1. Background
Thomas Gibson first described tracheoesophageal fistula (TEF) accompanied by esophageal atresia (EA) in 1697 (1). After numerous attempts by other surgeons, Cameron Heath successfully performed the first surgical repair of this deformity in 1941 (2-4). The global prevalence of EA is estimated to be approximately 2.3 to 2.6 cases per 10,000 births (5-7). The etiology of EA is unknown but is likely multifactorial. Most cases are sporadic/non-syndromic, with familial/syndromic cases accounting for less than 1% of all cases (3). The most common congenital esophageal malformation is EA with or without TEF (2-4). Despite its relative rarity, EA with or without TEF remains a challenging problem for pediatric surgeons (2-4).

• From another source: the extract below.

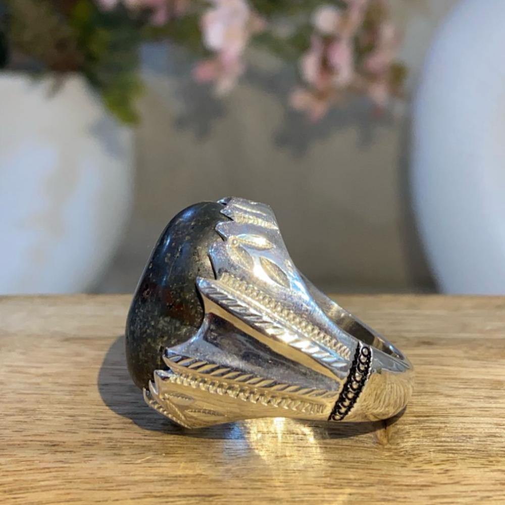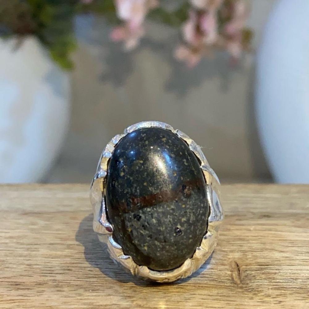 خاتم رجالي فخم يتوسطه حجر حديد بالي طبيعي يتميز بصلابته ولمعانه المعدني الفريد، مصاغ على قاعدة من فضة خالصة عيار 950.

Limited research has been conducted on the long-term outcomes of patients with EA. Future research should explore the relationship between esophageal motility disorder, gastroesophageal reflux, esophagitis, and epithelial metaplastic changes, including esophageal cancer. A retrospective study by Galarreta et al. (8) found that many patients with EA/TEF had comorbidities such as genetic syndromes and congenital anomalies, highlighting the complexity of the condition and the need for comprehensive clinical evaluation. In 2008, Khalesi and Aflatoonian (9) investigated the frequency of abnormalities associated with EA in a sample of hospitalized infants. Over a two-year period, the study found that accompanying anomalies, in order of prevalence, included cardiac (60%), urinary system (15%), vertebral column (10%), and anorectal (2.5%). The average birth weight of babies with EA and other anomalies was significantly lower than that of babies without other anomalies. The statistical analysis showed no significant relationship between the gender of infants, gestational age, or the presence of maternal disease and the occurrence of anomalies associated with EA.
A study on patients with EA and TEF s reported that microtia, cleft palates, and conductive hearing losses were observed in 25% of them (10). Notably, no study has yet investigated the possible effect of EA on the hearing of newborns at birth. The challenges in measuring the potential impact of EA on the auditory system of babies in previous decades may have contributed to this oversight. However, recent advancements in methods for examining the auditory system have provided reliable tools for assessment, even in the first days of life (11). Auditory brainstem response (ABR) testing is considered one of the most accurate and powerful tools for assessing auditory function due to its objective and passive recording capabilities (12, 13). The ABR Clicks are useful for screening hearing disorders in infants, as these responses can usually be detected up to an intensity 30 dB above the normal hearing threshold (14). The ABR testing can also provide additional diagnostic information about hearing loss detected by screening and is widely used to screen newborns treated in neonatal intensive care units (15).
2. Objectives
The general purpose of this study is to investigate the effect of EA on the hearing system of infants and children under 15 years of age, with a particular focus on the possibility of middle ear involvement based on audiological tests, especially emphasizing the ABR test.
3. Methods
We conducted a retrospective review of 153 patient records with EA from Mofid Children’s Hospital, covering the period from December 1, 2018, to February 28, 2023. Three records were excluded due to insufficient detail. Both inpatient and outpatient visits, including those for children born before 2018, were included. The inclusion criterion was a diagnosis confirmed by a specialist physician. The sample size was determined based on previous studies. Prior research on hearing outcomes in infants with EA has been limited, with no comprehensive studies specifically focusing on hearing in this population before our investigation. Although many studies have examined EA’s associated anomalies and neurodevelopmental outcomes, none have specifically focused on hearing function until now. For instance, Yang et al. (10), examined EA with TEF in a sample of 15 patients, while Mawlana et al. (16) and their team studied the neurodevelopmental outcomes of 253 infants with EA and TEF. This study aims to fill this gap in the literature by focusing on hearing outcomes in a cohort of 150 patients, consisting of 80 girls and 70 boys, who underwent treatment for EA. The sample size was selected to ensure meaningful results while considering the limitations of working with this relatively rare condition.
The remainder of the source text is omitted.